I start working on this, changing positions and feeding him only one side at a time. Sometimes this was so much work because he was so little and so hard to feed him "sitting up"
From the moment we came home from the Hospital i noticed that he preferred to lean his head to his left side, I assumed that he would grow out of it, but as days go by, I notice it more and more..sometimes when I am changing his clothes and move his head a little too much to the right, he will scream bloody murder..again, feeling like a failure, because there is something wrong with my baby and I am making it worse.
I start putting two and two together, his neck and him not nursing on my left side are related.
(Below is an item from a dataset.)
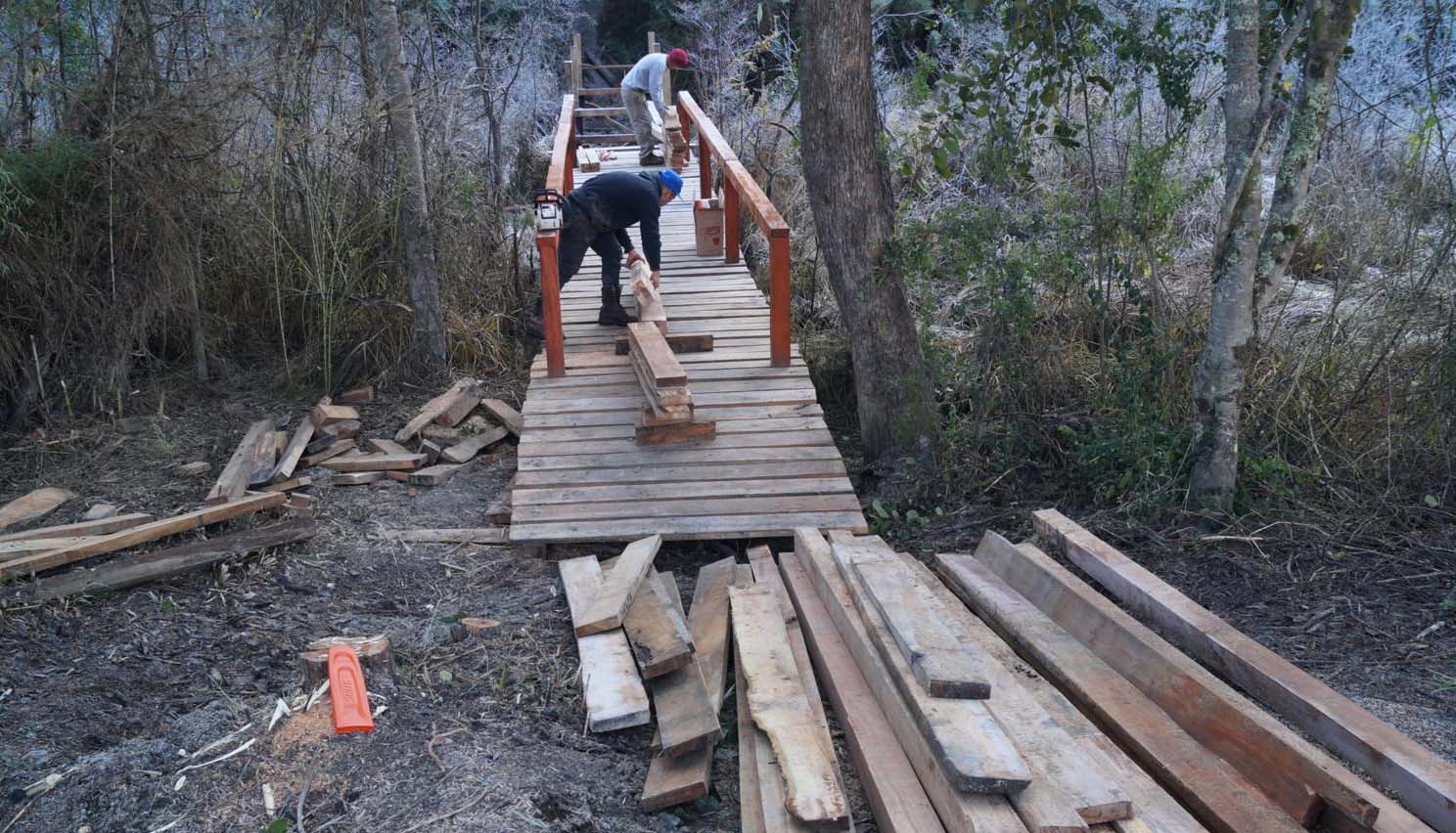 Personal contratado por la subsecretaría de Atención al Vecino, se encuentra realizando un puente pasarela de paso peatonal sobre un sector de mallín del Barrio Norte que dará el beneficio de poner en valor un espacio verde del barrio al cual se podrá acceder para realizar caminatas en familia.

Also he has failed his hearing test, 3 times, and yes only on one side..and yes..you guessed right, he has failed on his left side.
Right now..almost 5 weeks later. I feel like such a failure, i pump and pump, not not enough to start a stash of breastmilk for when i go to work. Most of the time he is crying, he has very few happy content moments.He acts hungry all the time and it seems like my breastmilk is not enough I gave in and I started giving him formula.
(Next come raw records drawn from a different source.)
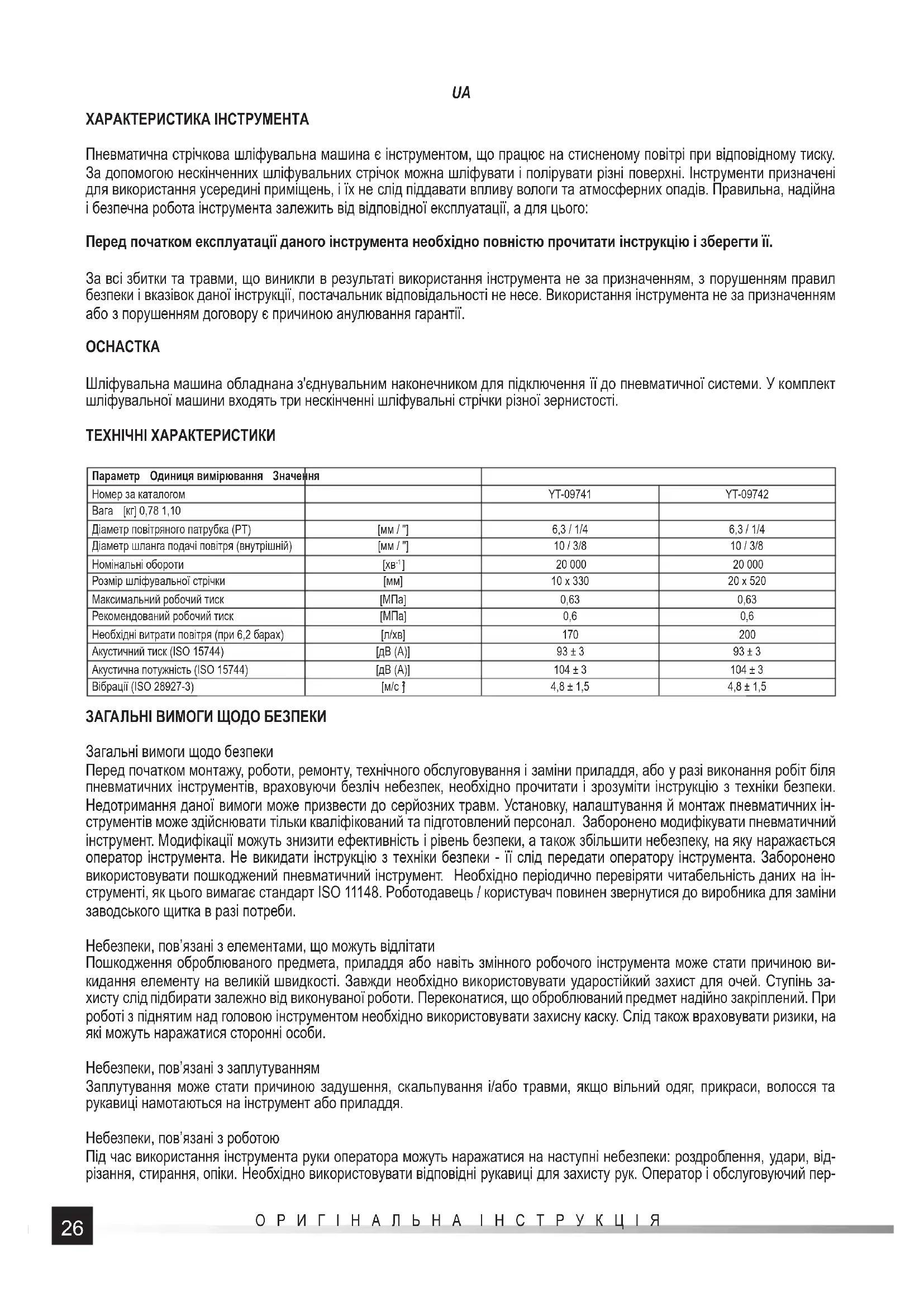 ХАРАКТЕРИСТИКА ІНСТРУМЕНТА Пневматична стрічкова шліфувальна машина є інструментом, що працює на стисненому повітрі при відповідному тиску. За допомогою нескінченних шліфувальних стрічок можна шліфувати і полірувати різні поверхні. Інструменти призначені для використання усередині приміщень, і їх не слід піддавати впливу вологи та атмосферних опадів. Правильна, надійна і безпечна робота інструмента залежить від відповідної експлуатації, а для цього: Перед початком експлуатації даного інструмента необхідно повністю прочитати інструкцію і зберегти її. За всі збитки та травми, що виникли в результаті використання інструмента не за призначенням, з порушенням правил безпеки і вказівок даної інструкції, постачальник відповідальності не несе. Використання інструмента не за призначенням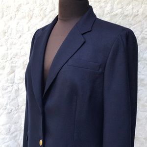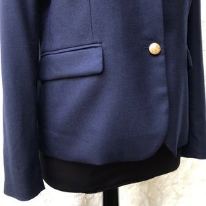 Like New J. Crew Navy Keating Boy Blazer. Two gold ensigna buttons secure front with four same overlapping buttons at cuffs. Two front flap pockets and kerchief pocket. Fine wool blend in deep navy. Fully lined. Perfect blazer for professional attire or jeans and flats.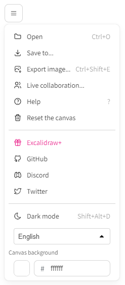 メニューからは、ローカルに保存(.excalidraw という実体はJSONファイル)したり、PNG や SVG などにエクスポートすることができます。ダークモードや日本語への切り替えも行えます。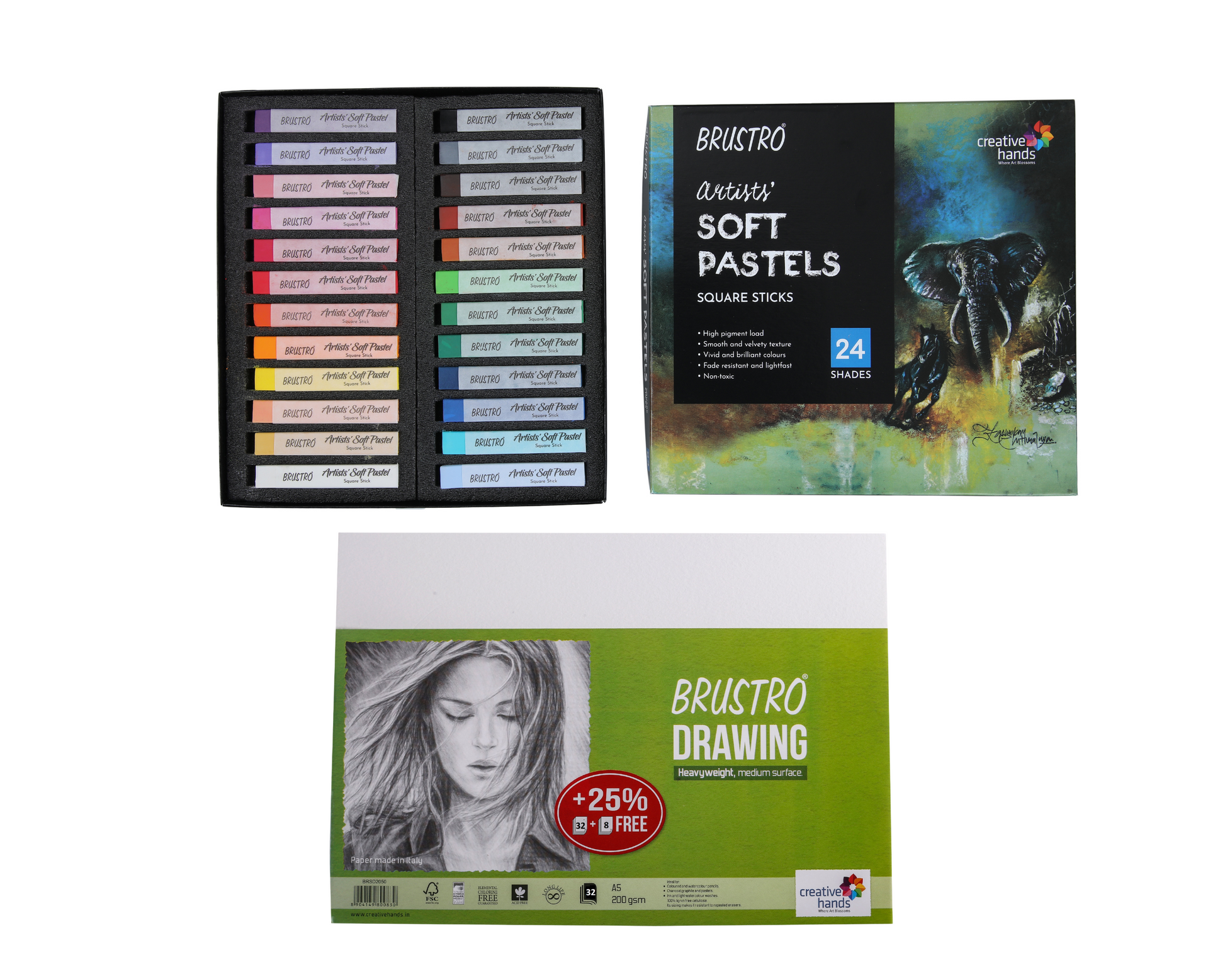 Brustro Artists Soft Pastels Set of 24 with Drawing Paper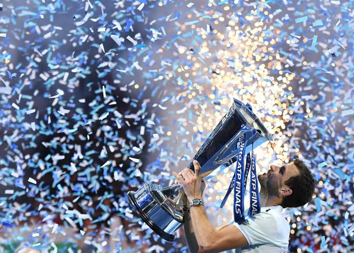 El búlgaro Grigor Dimitrov venció al belga David Goffin, por 7-5, 4-6 y 6-3, y se coronó campeón por primera vez de las Nitto Finales ATP en el O2 londinense, donde ganó el torneo más importante de su carrera.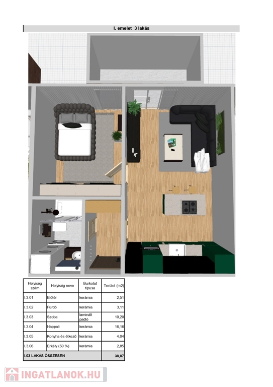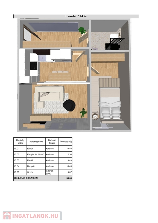1. em. 43,44 nm (5,7 nm erkély) N+1 szoba Ár: 40,59 M Ft

I am losing my supply on my left side from him not nursing as vigorously as he does on the right. My right breast still has a fast letdown but he seems to be dealing with it better.
I took him to the doctor for his neck and they did an X-ray, everything looks good on it and they are calling it Torticollis and they think that he will/should grow out of it. We have been working at home by moving his head gently to the other side and he got a referral from the doctor for Physical Therapy.
Some days feel like such a struggle, him not nursing well, him not being happy, him not being totally full..I feel like i am starving my child and no matter how much i feed him, he is never happy.
Because of my fast letdown and him choking and gagging during feedings, outings are NOT fun..it's really hard to get him to latch when we are out in public. He really hates to be held by somebody else and lately, the only thing he wants is to comfort nurse..even if he falls asleep, he doesn't want to let me go. I am hoping that this last behavior is just a growth spurt.
I still feel like i need help and advice, I am going back to work in a couple of weeks and feel like giving up. I don't know what to do and don't have a clue how i am going to make it work.